ADHD -- youth and adults
• Coleman M, et al. Double-blind crossover in hyperkinetic children (ADHD-like); pyridoxine compared with methylphenidate. Results: Behavioral improvement on pyridoxine in a responsive subgroup, indicating potential benefit in select children. Estimated effect: small-to-moderate in responders. 

• Ghanizadeh A, et al. RCT in children with ADHD on methylphenidate; 1 mg/day folic acid adjunct vs placebo for 8 weeks. Results: Improved aggression and quality-of-life vs control; ADHD symptom change modest. Positive as an adjunct for behavioral/emotional domains. 

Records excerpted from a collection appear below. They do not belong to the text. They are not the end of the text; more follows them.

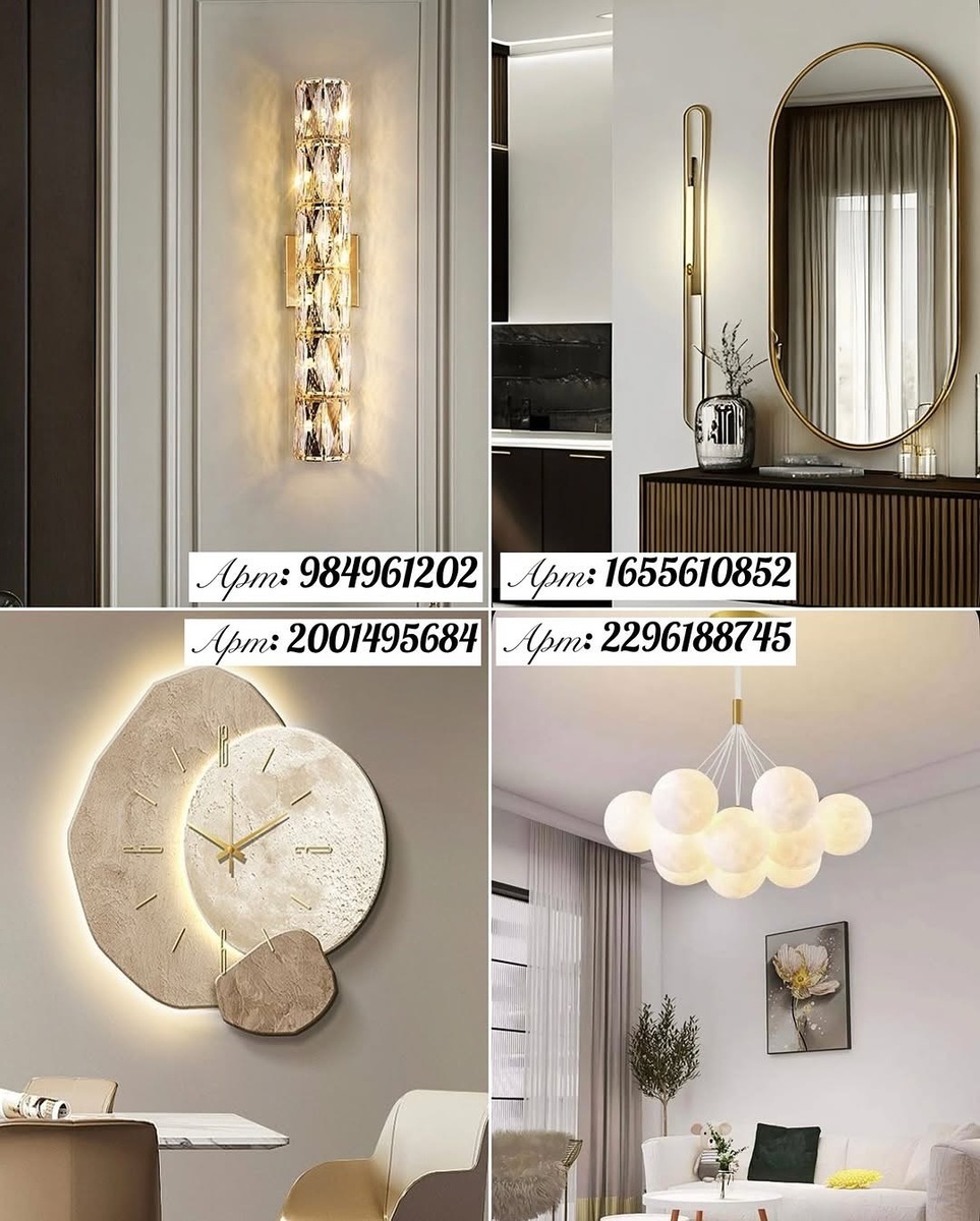 Вертикальные бра и торшер создают многослойное освещение, при котором интерьер становится живым и объёмным. Часы — от каменных композиций до солнечных вспышек — берут на себя роль настенных арт-объектов. Консоль, кресло и комод отвечают за комфорт и порядок, а шторы объединяют всё пространство, мягко обрамляя окно.
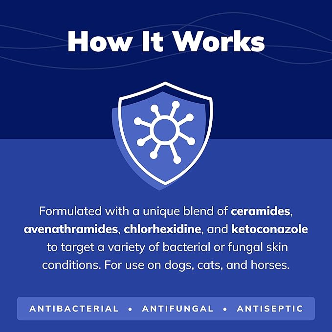 - 𝐕𝐞𝐭𝐞𝐫𝐢𝐧𝐚𝐫𝐢𝐚𝐧-𝐈𝐧𝐬𝐩𝐢𝐫𝐞𝐝 𝐅𝐨𝐫𝐦𝐮𝐥𝐚 - Ideal for dogs, cats, and horses with skin conditions responsive to chlorhexidine and ketoconazole.
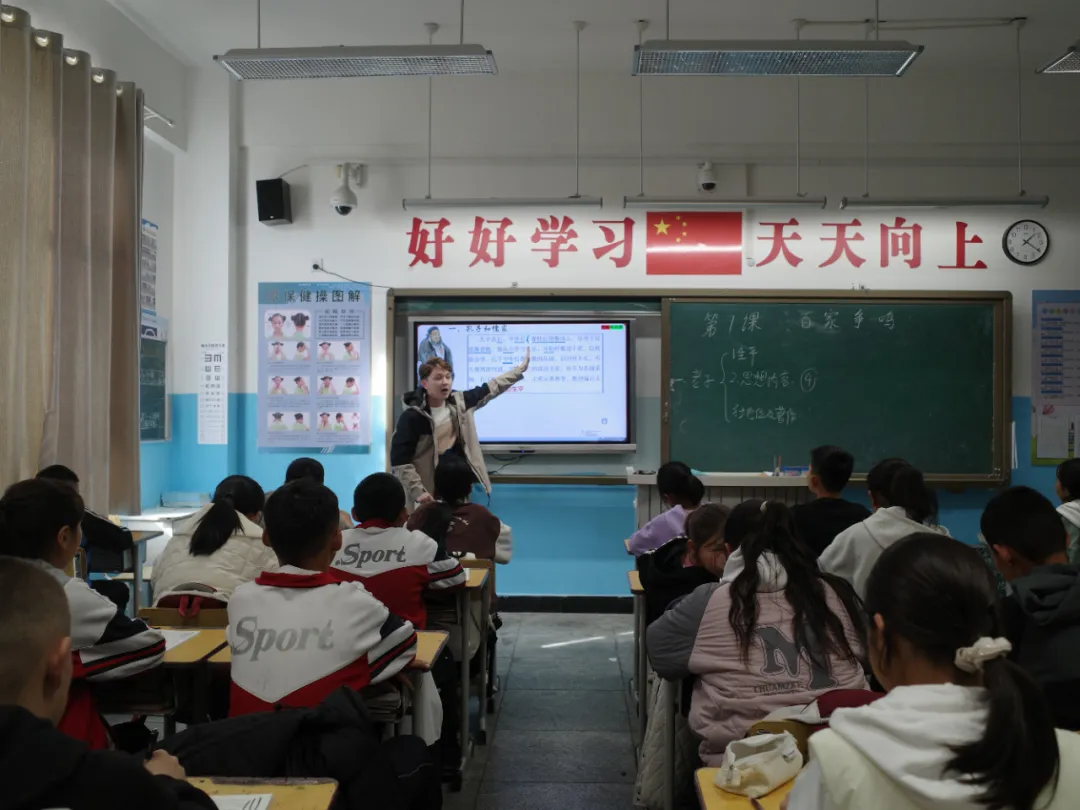 2024年10月15日 阿勒泰地区布尔津县布尔津初级中学,天津大学研究生支教团成员乌米提·艾维力江在课堂上给初一学生教历史课。(摄影/团中央新媒体中心 张国党)

• Lam NSK, et al. Systematic review across psychiatric conditions: L-methylfolate shows adjunctive benefits with good tolerability; ADHD evidence base is smaller but includes positive signals. 

Dose-relationships:
• Forms B6 as P-5-P, B9 as L-5-MTHF, B12 as methylcobalamin (bioactive, highly bioavailable forms).
• Doses generally aligned with human trials showing cognitive/mood benefits (e.g., B6 20 mg + folic acid 0.8 mg + B12 0.5 mg/day in MCI) and with long-term safety guidelines. See label for exact amounts. B6 and B12 in Goldmind:Focus are dosed lower than many studies to reduce the small likelihood of adverse effects.

Safety
• B6: Generally well tolerated at typical supplemental intakes; chronic very high intakes can cause sensory neuropathy -- stay well below upper limits.
• Folate (B9): Upper supplemental limit (as folic acid) exists to avoid masking B12 deficiency; using L-5-MTHF avoids unmetabolized folic acid and directly supports methylation.
• B12: Very safe; deficiency is linked to anemia, neuropathy, and cognitive symptoms; ensure adequate status if plant-based or with malabsorption risks. 

References
• Porter K, Hoey L, Hughes CF, Ward M, McNulty H. Causes, Consequences and Public Health Implications of Low B-Vitamin Status in Ageing. Nutrients. 2016;8(11):725.
• Lam NSK, Long XX, Li X, et al. The potential use of folate and its derivatives in treating psychiatric disorders: A systematic review. Biomed Pharmacother. 2022;146:112541. 
• Durga J, van Boxtel MPJ, Schouten EG, et al. Effect of 3-year folic acid supplementation on cognitive function in older adults (FACIT): RCT. Lancet. 2007;369:208–216. 
• Smith AD, Smith SM, de Jager CA, et al. Homocysteine-lowering by B vitamins slows brain atrophy in MCI (VITACOG): RCT. PLoS One. 2010;5:e12244.
• de Jager CA, Oulhaj A, Jacoby R, et al. Cognitive and clinical outcomes of homocysteine-lowering B-vitamin treatment in MCI: RCT. Int J Geriatr Psychiatry. 2012;27:592–600. 
• Douaud G, Refsum H, de Jager CA, et al. Preventing AD-related gray-matter atrophy by B-vitamin treatment. Proc Natl Acad Sci USA. 2013;110:9523–9528. 
• Coleman M, Steinberg G, Tippett JN, et al. Pyridoxine in hyperkinetic children: double-blind crossover vs methylphenidate. Biol Psychiatry. 1979;14:741–751
• Ghanizadeh A, Sayyari Z, Mohammadi MR. Methylphenidate + folic acid vs methylphenidate: RCT in pediatric ADHD—QoL and aggression outcomes. Iran J Psychiatry. 2013;8(3):108–112. 
• Kennedy DO. B Vitamins and the Brain: Mechanisms, Dose and Efficacy—A Review. Nutrients. 2016;8(2):68. 
• Linus Pauling Institute (OSU). Vitamin B6; Vitamin B12—neurotransmitter and methylation roles (reference pages). 

Regulatory note: Research indicates these B vitamins support cognitive processes via neurotransmission, methylation, and structural brain health, especially when correcting insufficiency/high homocysteine. Individual responses vary; not intended to diagnose, treat, cure, or prevent disease.